__What to do__. From the records that follow, return exactly the lines beginning at the one that contains "Style: tiered floral" and ending at the one that contains "This bingo card", pictures left out.

__Source information__.
────────────────────

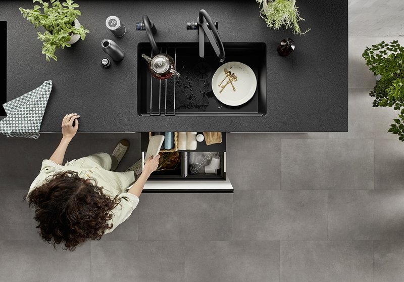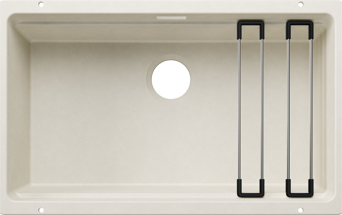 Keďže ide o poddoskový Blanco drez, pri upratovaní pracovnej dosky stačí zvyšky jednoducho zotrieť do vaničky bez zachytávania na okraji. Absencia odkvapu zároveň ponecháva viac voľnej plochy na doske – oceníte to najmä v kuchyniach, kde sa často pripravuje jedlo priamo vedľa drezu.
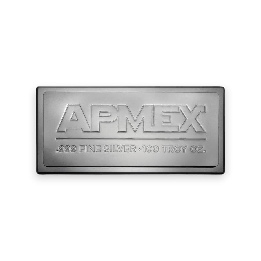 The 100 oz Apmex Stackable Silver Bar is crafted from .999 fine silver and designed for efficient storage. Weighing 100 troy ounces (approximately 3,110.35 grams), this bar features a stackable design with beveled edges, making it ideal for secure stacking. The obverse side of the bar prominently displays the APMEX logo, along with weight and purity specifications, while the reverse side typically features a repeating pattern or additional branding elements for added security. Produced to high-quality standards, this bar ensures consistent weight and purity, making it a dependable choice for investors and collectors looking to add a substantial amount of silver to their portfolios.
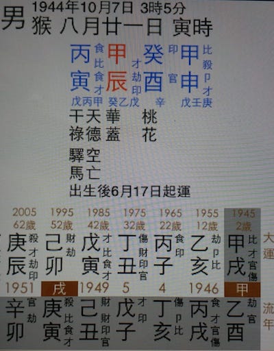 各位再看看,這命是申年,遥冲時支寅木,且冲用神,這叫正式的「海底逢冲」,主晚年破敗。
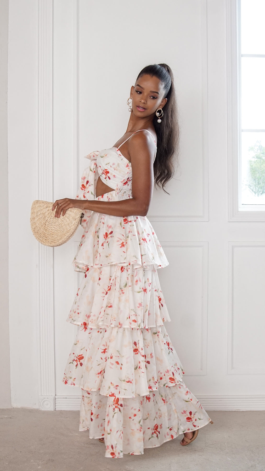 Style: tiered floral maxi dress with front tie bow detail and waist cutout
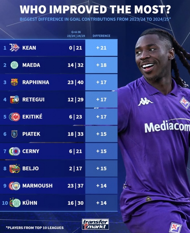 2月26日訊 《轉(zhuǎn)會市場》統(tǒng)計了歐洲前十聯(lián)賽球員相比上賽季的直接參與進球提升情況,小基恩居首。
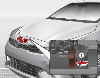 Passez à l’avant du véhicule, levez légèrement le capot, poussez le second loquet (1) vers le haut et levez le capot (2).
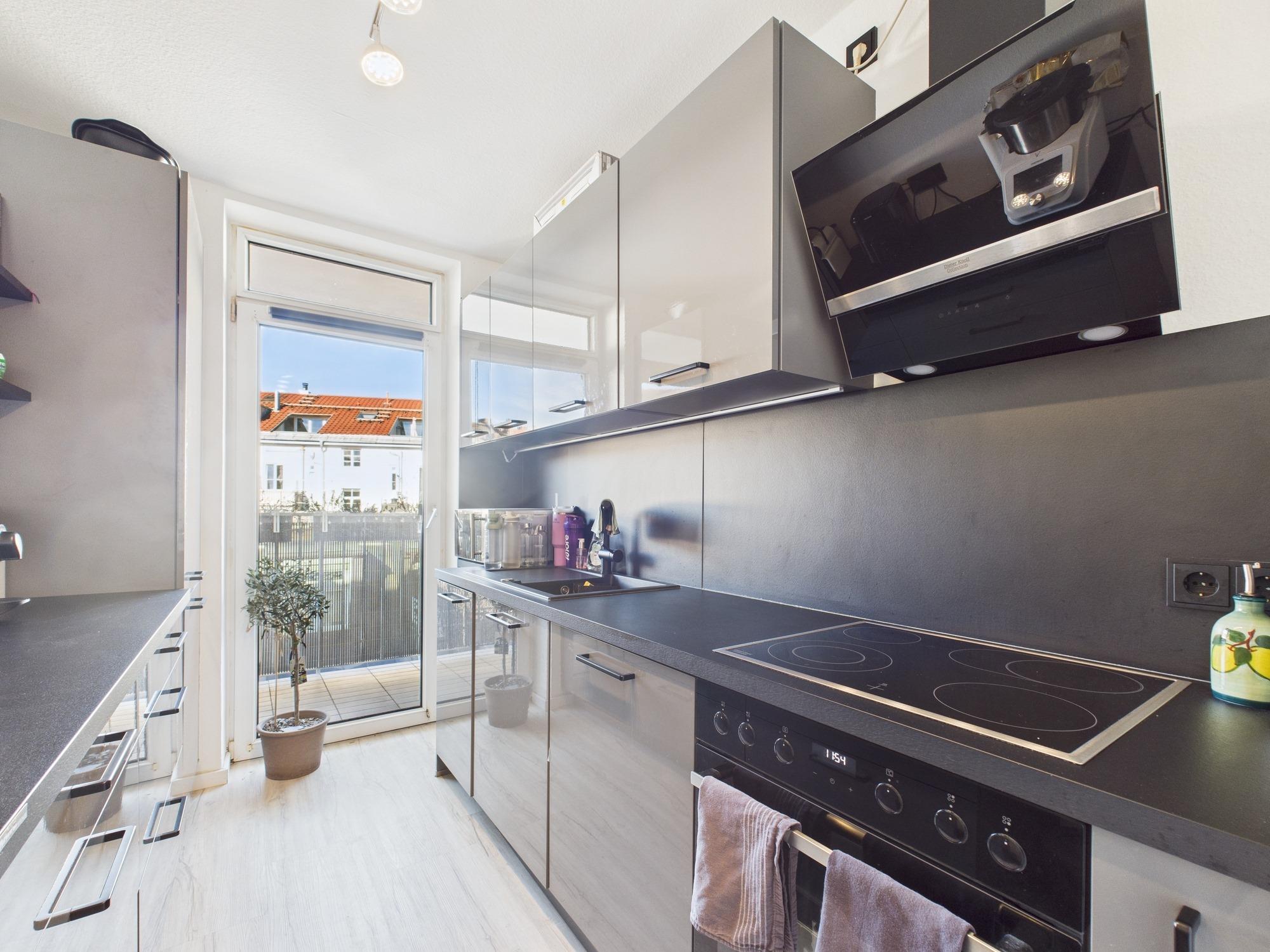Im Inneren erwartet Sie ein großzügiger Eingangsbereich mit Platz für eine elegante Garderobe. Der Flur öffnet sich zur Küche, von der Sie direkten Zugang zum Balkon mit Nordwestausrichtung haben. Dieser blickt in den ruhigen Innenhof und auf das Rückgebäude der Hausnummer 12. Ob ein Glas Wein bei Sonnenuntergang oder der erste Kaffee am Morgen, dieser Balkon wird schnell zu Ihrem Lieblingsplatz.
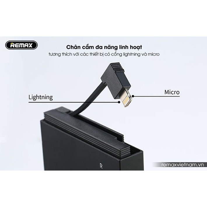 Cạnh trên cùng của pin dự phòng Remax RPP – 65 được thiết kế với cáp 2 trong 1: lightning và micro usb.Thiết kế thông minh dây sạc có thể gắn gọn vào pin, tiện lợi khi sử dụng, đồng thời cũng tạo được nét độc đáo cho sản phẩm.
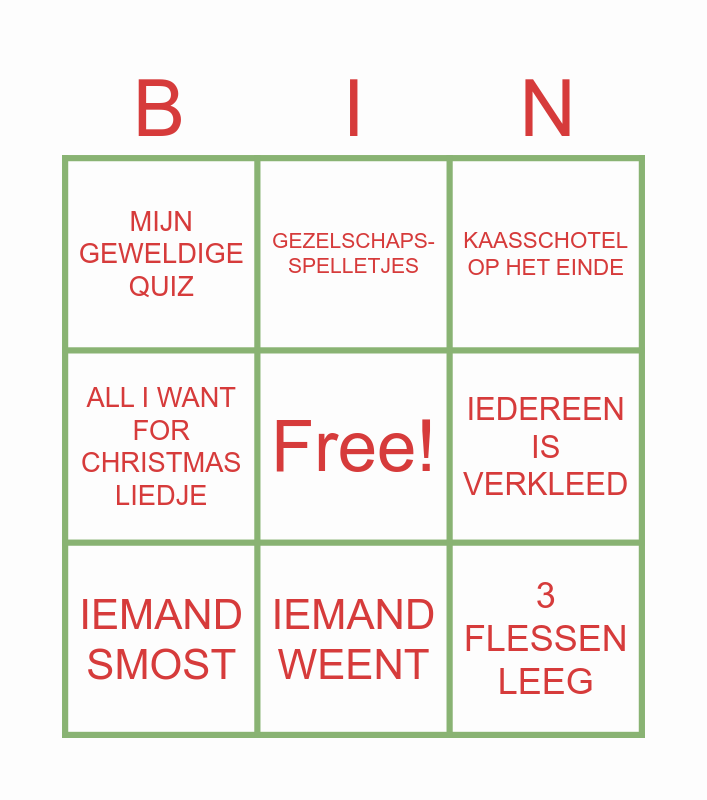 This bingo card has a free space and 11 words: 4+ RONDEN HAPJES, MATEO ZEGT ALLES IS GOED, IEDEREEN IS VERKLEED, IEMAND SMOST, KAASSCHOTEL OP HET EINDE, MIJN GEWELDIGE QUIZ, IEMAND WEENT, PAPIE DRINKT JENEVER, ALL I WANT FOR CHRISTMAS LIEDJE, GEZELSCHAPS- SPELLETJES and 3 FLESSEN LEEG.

────────────────────

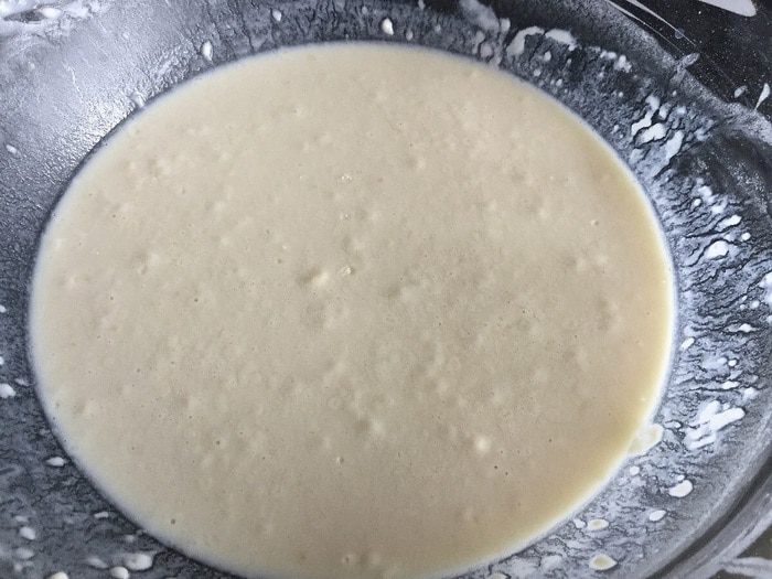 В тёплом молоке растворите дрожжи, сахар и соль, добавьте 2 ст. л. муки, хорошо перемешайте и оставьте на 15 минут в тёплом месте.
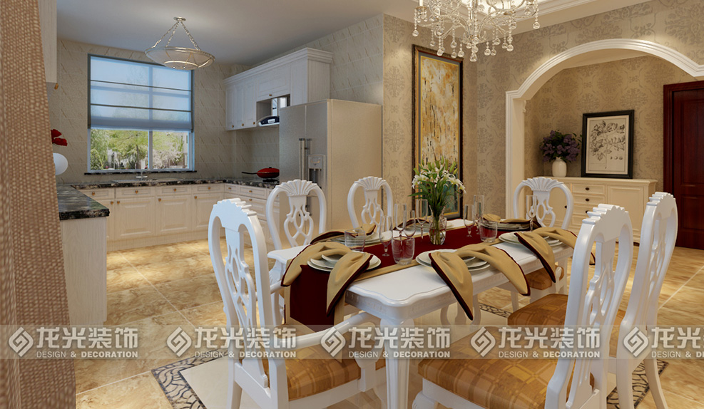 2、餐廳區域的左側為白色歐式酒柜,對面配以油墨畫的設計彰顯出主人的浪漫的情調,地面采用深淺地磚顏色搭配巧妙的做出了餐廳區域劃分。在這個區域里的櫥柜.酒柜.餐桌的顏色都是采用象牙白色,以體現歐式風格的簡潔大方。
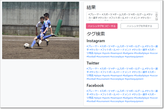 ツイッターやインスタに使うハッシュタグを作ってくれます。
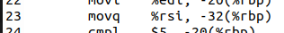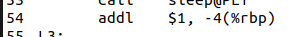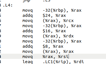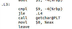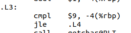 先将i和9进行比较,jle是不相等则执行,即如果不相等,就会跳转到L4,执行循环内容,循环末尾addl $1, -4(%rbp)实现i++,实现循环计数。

────────────────────

__Your response__.
 Style: tiered floral maxi dress with front tie bow detail and waist cutout
 2月26日訊 《轉(zhuǎn)會市場》統(tǒng)計了歐洲前十聯(lián)賽球員相比上賽季的直接參與進球提升情況,小基恩居首。
 Passez à l’avant du véhicule, levez légèrement le capot, poussez le second loquet (1) vers le haut et levez le capot (2).
Im Inneren erwartet Sie ein großzügiger Eingangsbereich mit Platz für eine elegante Garderobe. Der Flur öffnet sich zur Küche, von der Sie direkten Zugang zum Balkon mit Nordwestausrichtung haben. Dieser blickt in den ruhigen Innenhof und auf das Rückgebäude der Hausnummer 12. Ob ein Glas Wein bei Sonnenuntergang oder der erste Kaffee am Morgen, dieser Balkon wird schnell zu Ihrem Lieblingsplatz.
 Cạnh trên cùng của pin dự phòng Remax RPP – 65 được thiết kế với cáp 2 trong 1: lightning và micro usb.Thiết kế thông minh dây sạc có thể gắn gọn vào pin, tiện lợi khi sử dụng, đồng thời cũng tạo được nét độc đáo cho sản phẩm.
 This bingo card has a free space and 11 words: 4+ RONDEN HAPJES, MATEO ZEGT ALLES IS GOED, IEDEREEN IS VERKLEED, IEMAND SMOST, KAASSCHOTEL OP HET EINDE, MIJN GEWELDIGE QUIZ, IEMAND WEENT, PAPIE DRINKT JENEVER, ALL I WANT FOR CHRISTMAS LIEDJE, GEZELSCHAPS- SPELLETJES and 3 FLESSEN LEEG.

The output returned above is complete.